Please note that since writing this blog post, Take Thai has closed down

I am deeply troubled. A few weeks ago, I shamefully failed to identify tamarind in a sauce, and mistook mint for coriander in a dressing. At a mere 28 years old, I fear that my once keen tasting faculties are sliding into decline… my palate is going senile; my nose is showing early signs of Alzheimer’s. This is a disaster. An unparalleled nightmare, of whose gravity only a fellow foodie can understand. It’s the culinary equivalent of Roger Federer losing his right arm in a motorbike accident. Only I doubt the insurance would pay out as much.

At New Year, I inhaled something I shouldn’t have and entirely lost my sense of smell for three whole days afterwards. I woke up in a cold sweat every night in the fear, not that my house might burn down and I wouldn’t smell the smoke, but that I might have destroyed an entire career in food writing for the sake of one night on the devil’s dandruff. It was terrifying. If there’s one redeeming feature of the Hampton nose – crooked, beaky and allergic to almost everything though it is – it’s that it can smell. It sends me reeling from the kitchen when mushrooms are frying; it gives me constant nausea in the chip-fat back streets of St Ives; it causes me no end of issues in airport duty free shops as the sickly stench of mingled perfumes lodges its way firmly into my nasal hairs… but it also comforts me with the grassy spring scent of warm rain; it drives me wild with the animal aroma of men’s pheromones; and, most importantly, it helps me tell my cardamom from my caraway. Taste without smell is like sex without a hard-on – pretty much impossible.

The second attack on my food-appreciative senses came just a couple of weeks ago, with perfect pre-holiday timing. I acquired a mouth infection (bad enough in itself) which I tried to clear through gargling some foul-tasting antiseptic mouthwash. The premise it seemed to be working on was that if it numbed everything with which it came into contact, it would numb the pain too. I’d take the pain any day. It burnt off my taste buds, coated my palate with a medicinal layer that permeated everything I ate, and numbed the sweet-salt-bitter-sharp sensors in my mouth that rendered any attempt to judge a dish useless. Needless to say, I gave up with the mouthwash within a couple of days. It hurt to eat, but the pain was better than nothing.
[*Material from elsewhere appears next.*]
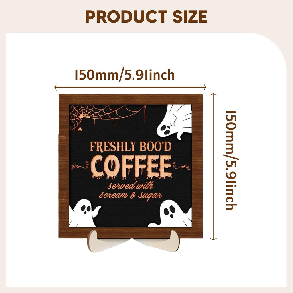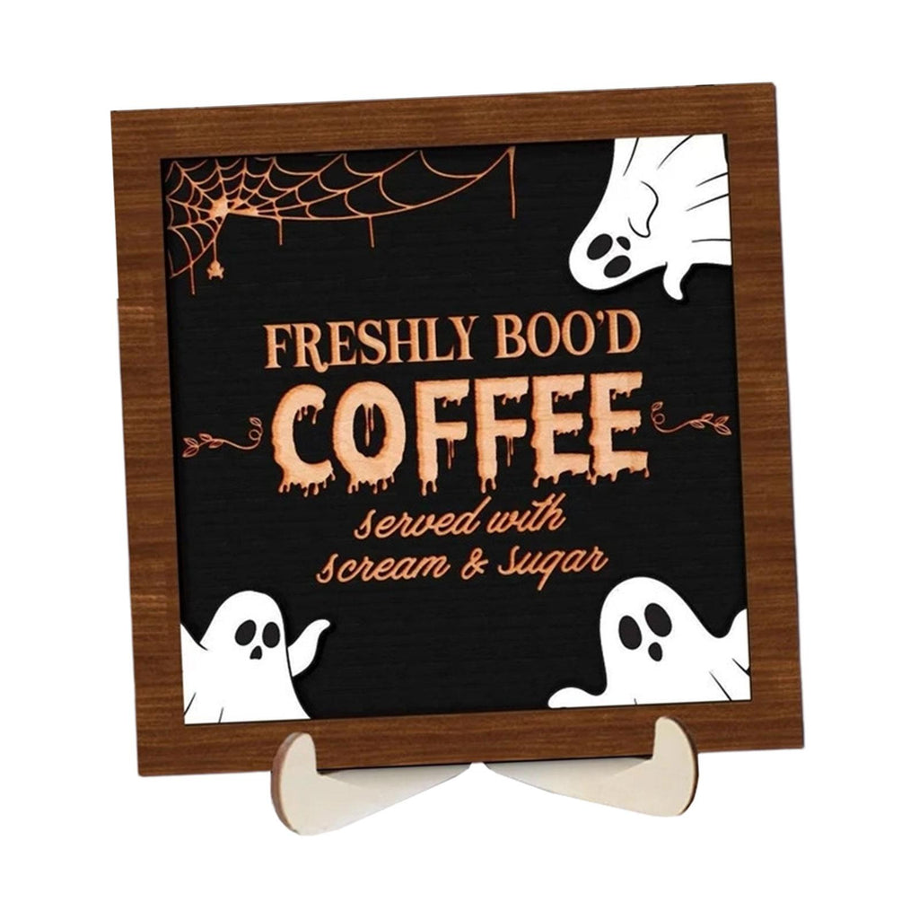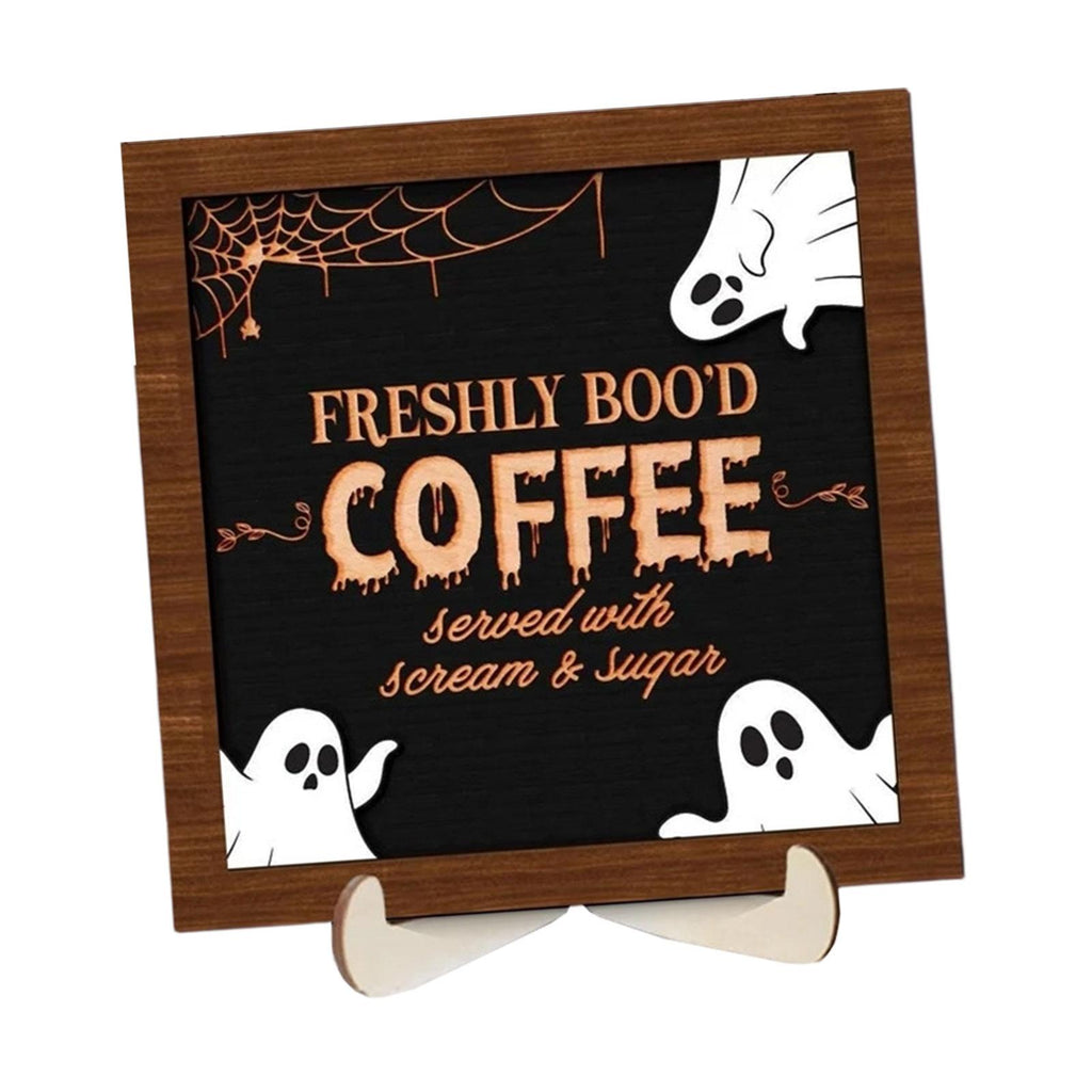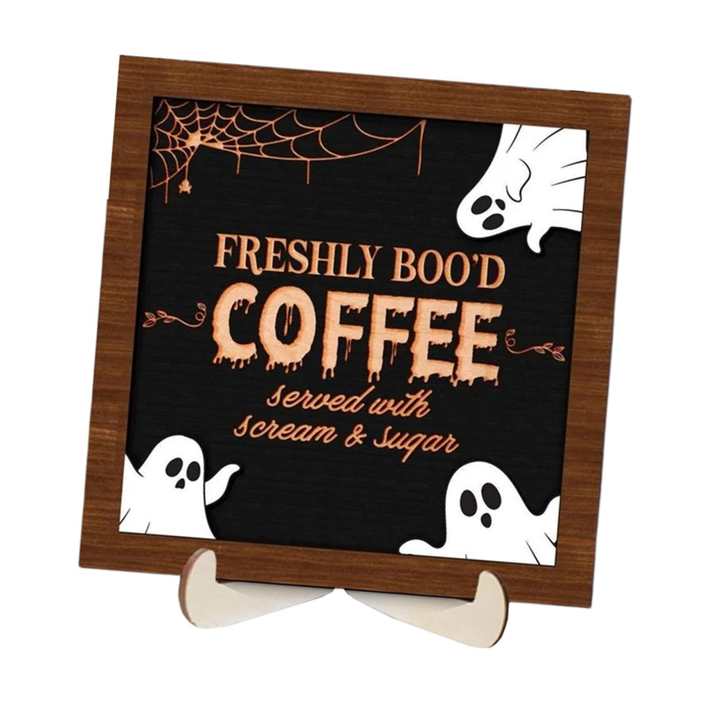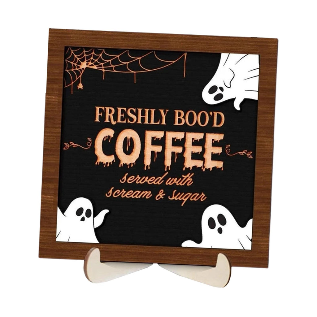 【Material】: Crafted from quality wood, this Halloween Coffee Wooden Sign Decor ensures long term durability and a sleek finish that complements any decor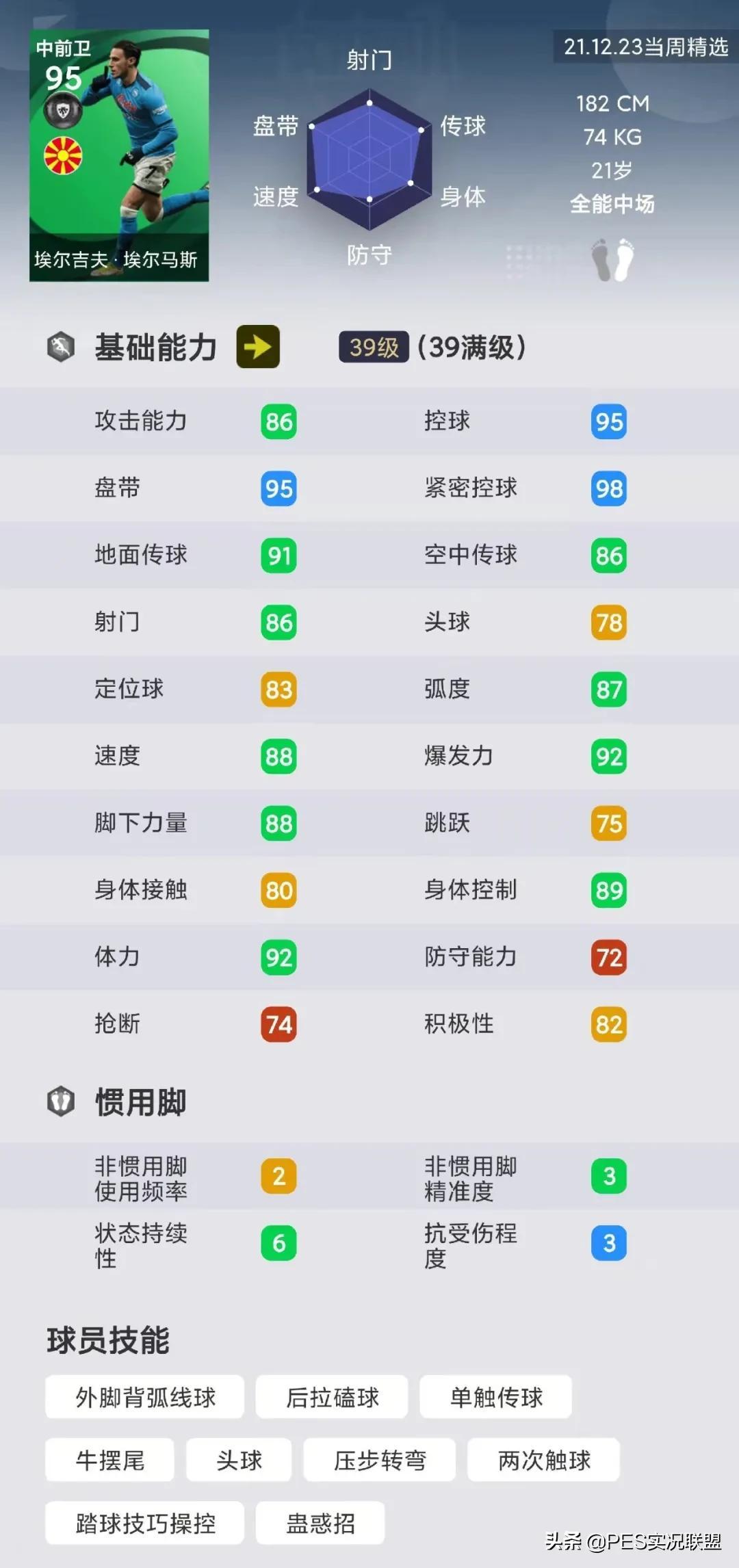 但由于他的进攻属性出色,兼具边锋级别的传控属性,且能够胜任的位置较多,所以对于需要中前场万金油的玩家来说,埃尔马斯(精)仍有一定价值。

Mouth infection and substance-induced smell deficit now a not-too-distant-and-still-pertinent memory, I was eager to test my once fearsome food faculties. Take Thai had been described to me as ‘the only Thai restaurant in Amsterdam worth visiting’ by a colleague of my Belgium-based brother who regularly comes here on business. Its chic white walls and minimalist orchid elegance had often caught my eye as I wandered down the Utrechtsestraat browsing the shops. After two weeks away and the prospect of the next six weekends passing me by in a flurry of BMI flights and bridesmaid’s dresses, I needed to catch up not only with two of my best friends, but with my beloved city. Take Thai seemed to promise just the kind of urban yet conversation-friendly environment I needed.

Our waitress was as elegant as the orchids I’d envisaged inside (with hindsight, I’m not actually sure there were any orchids; but the room had an air of orchid about it, if that makes any sense at all) though her language skills left us wondering whether our order would make it to the kitchen intact. Clearly it did, because half a bottle of Austrian wine later, the mixed starters arrived at our table. Predictably, they included kaffir lime leaf-fragranced fish cakes, posh prawn toasts and something on a skewer that was probably a mixture of prawn and pork. Less predictably, they also comprised a small tuna pastry affair and a sort of Thai version of beef jerky, that was sweet and sesame and… and here my senses failed me, which is what prompted this whole outpouring of anxiety over my ageing taste buds in the first place. Sense insecurities notwithstanding, all five of our taster portions were indeed the best examples of their kind I’d eaten outside Thailand, and certainly in Amsterdam.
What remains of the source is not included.